TASK INSTRUCTIONS >>
Task for the records below: please retype exactly and only the lines from the first through the one with "Soyez libre de", with every picture omitted.

----

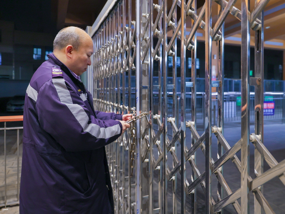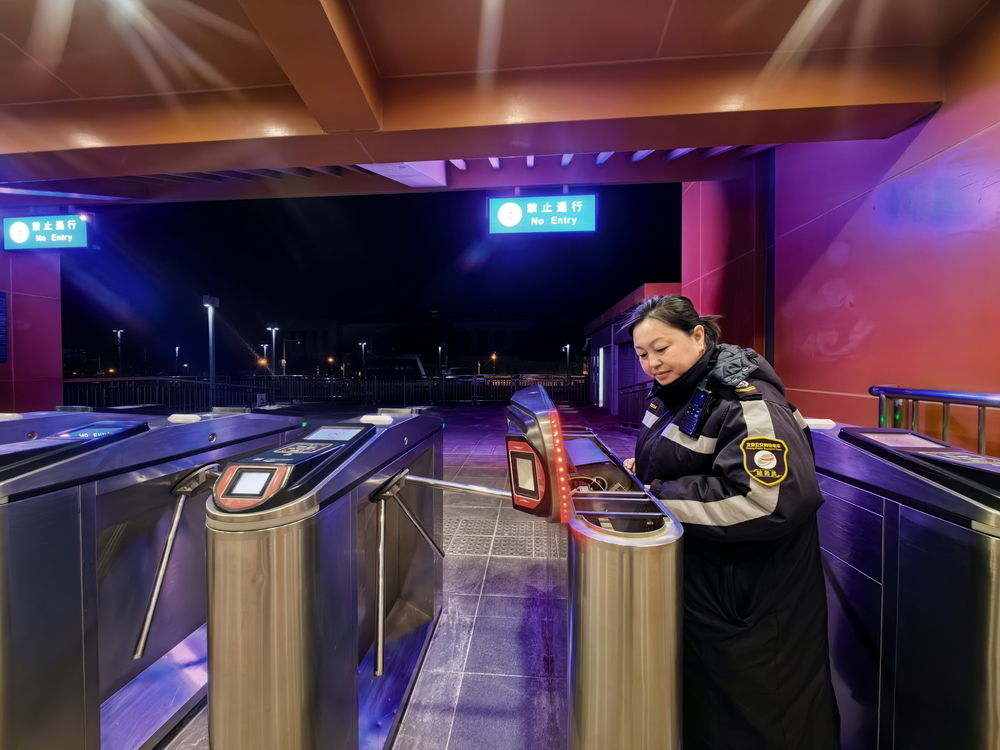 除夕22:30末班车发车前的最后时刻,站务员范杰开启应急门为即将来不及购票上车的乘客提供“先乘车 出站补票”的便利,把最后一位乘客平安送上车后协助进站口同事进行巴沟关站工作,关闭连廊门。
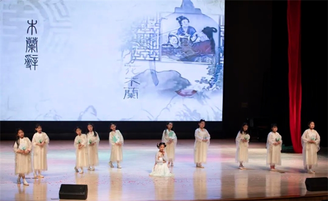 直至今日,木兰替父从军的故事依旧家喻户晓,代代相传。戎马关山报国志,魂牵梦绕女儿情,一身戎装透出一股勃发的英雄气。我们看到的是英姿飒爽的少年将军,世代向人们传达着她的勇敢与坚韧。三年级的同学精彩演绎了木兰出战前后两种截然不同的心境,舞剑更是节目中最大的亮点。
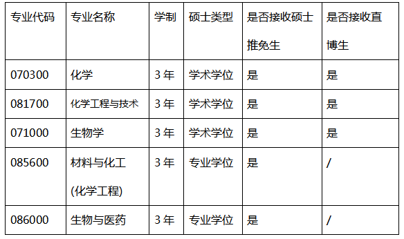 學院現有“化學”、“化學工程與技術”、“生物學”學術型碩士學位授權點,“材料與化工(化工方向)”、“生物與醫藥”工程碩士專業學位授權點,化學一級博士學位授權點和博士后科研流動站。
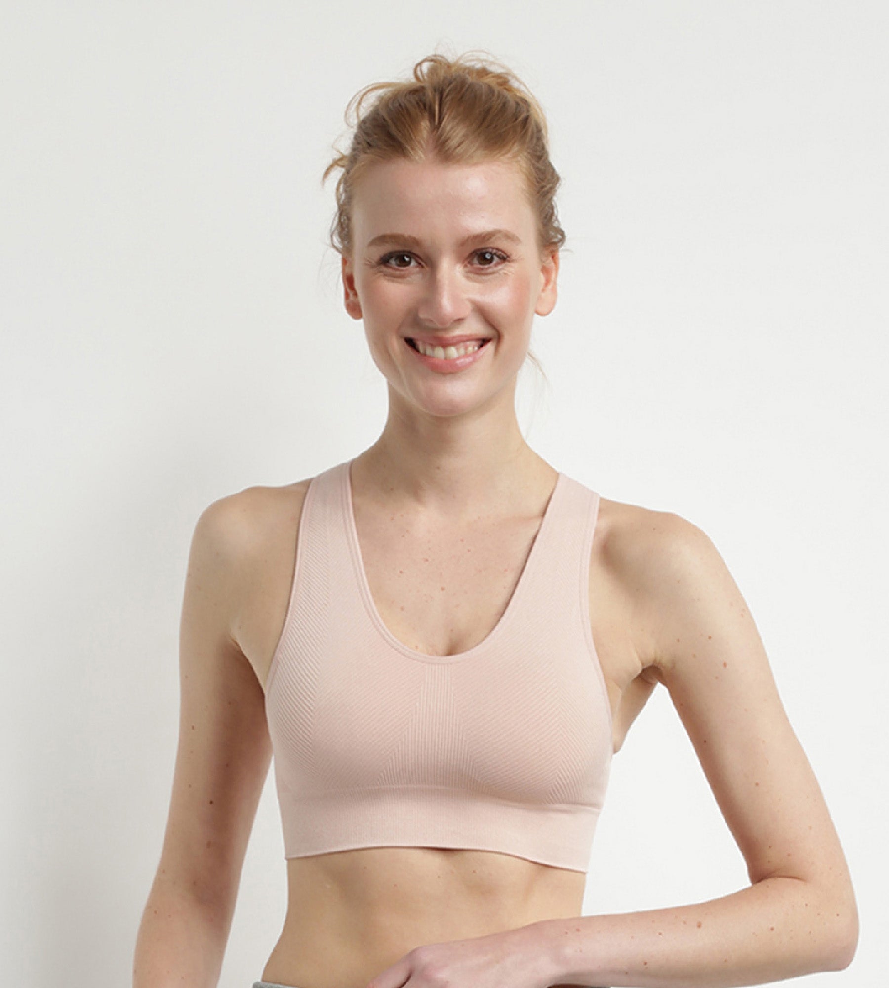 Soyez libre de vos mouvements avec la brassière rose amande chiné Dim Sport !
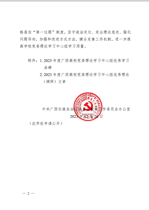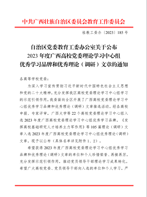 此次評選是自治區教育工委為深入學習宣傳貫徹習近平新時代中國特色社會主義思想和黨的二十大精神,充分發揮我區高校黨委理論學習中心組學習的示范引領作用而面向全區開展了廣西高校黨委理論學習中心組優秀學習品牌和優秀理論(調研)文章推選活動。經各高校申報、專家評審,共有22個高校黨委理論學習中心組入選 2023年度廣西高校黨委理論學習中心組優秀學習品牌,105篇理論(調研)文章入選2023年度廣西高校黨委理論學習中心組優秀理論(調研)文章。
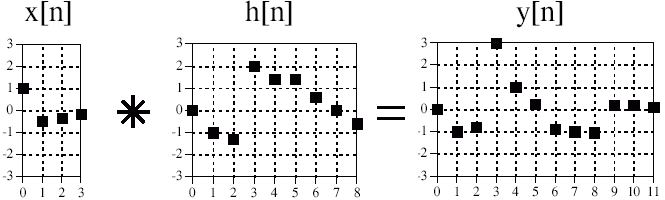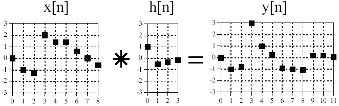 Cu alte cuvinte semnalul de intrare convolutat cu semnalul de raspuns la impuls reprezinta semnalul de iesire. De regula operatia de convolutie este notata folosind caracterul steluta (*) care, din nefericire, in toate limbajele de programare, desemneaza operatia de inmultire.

----

TASK RESULT >>
 除夕22:30末班车发车前的最后时刻,站务员范杰开启应急门为即将来不及购票上车的乘客提供“先乘车 出站补票”的便利,把最后一位乘客平安送上车后协助进站口同事进行巴沟关站工作,关闭连廊门。
 直至今日,木兰替父从军的故事依旧家喻户晓,代代相传。戎马关山报国志,魂牵梦绕女儿情,一身戎装透出一股勃发的英雄气。我们看到的是英姿飒爽的少年将军,世代向人们传达着她的勇敢与坚韧。三年级的同学精彩演绎了木兰出战前后两种截然不同的心境,舞剑更是节目中最大的亮点。
 學院現有“化學”、“化學工程與技術”、“生物學”學術型碩士學位授權點,“材料與化工(化工方向)”、“生物與醫藥”工程碩士專業學位授權點,化學一級博士學位授權點和博士后科研流動站。
 Soyez libre de vos mouvements avec la brassière rose amande chiné Dim Sport !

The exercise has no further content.